*WHAT THE TASK REQUIRES*.
Reproduce the listing in full, exactly as written, but without images.

*PROVIDED DATA*.
########
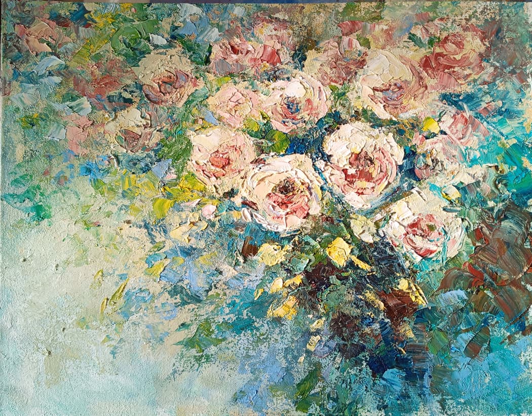 Картина «Розарий» — это истинный шедевр импрессионизма, который очаровывает зрителя своим трогательным изображением роз сливочной окраски. Эти нежные цветы, словно олицетворение любви и романтики, утопают в фоне зелени изумрудных, бирюзовых и салатовых оттенков, создавая атмосферу тепла и уюта.
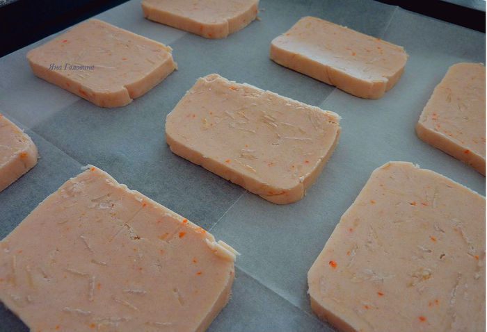 Вытащить тесто из морозилки (если тесто лежало в морозилке более трех часов, то нужно дать тесту минут 30 постоять перед нарезкой что бы не крошилось).
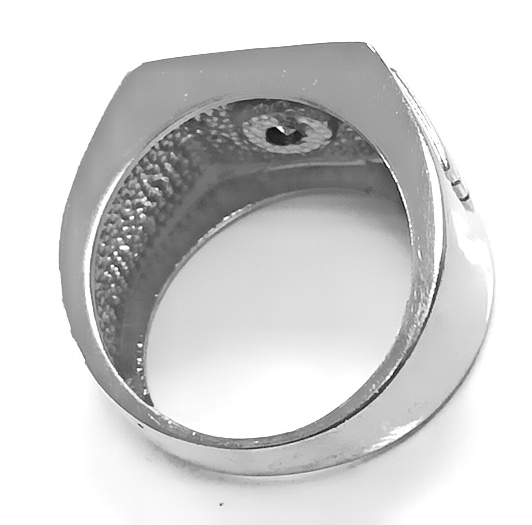 Кольцо выполнено в виде печатки, что придает ему особый шарм и статусность.
########
*ANSWER AREA*.
 Картина «Розарий» — это истинный шедевр импрессионизма, который очаровывает зрителя своим трогательным изображением роз сливочной окраски. Эти нежные цветы, словно олицетворение любви и романтики, утопают в фоне зелени изумрудных, бирюзовых и салатовых оттенков, создавая атмосферу тепла и уюта.
 Вытащить тесто из морозилки (если тесто лежало в морозилке более трех часов, то нужно дать тесту минут 30 постоять перед нарезкой что бы не крошилось).
 Кольцо выполнено в виде печатки, что придает ему особый шарм и статусность.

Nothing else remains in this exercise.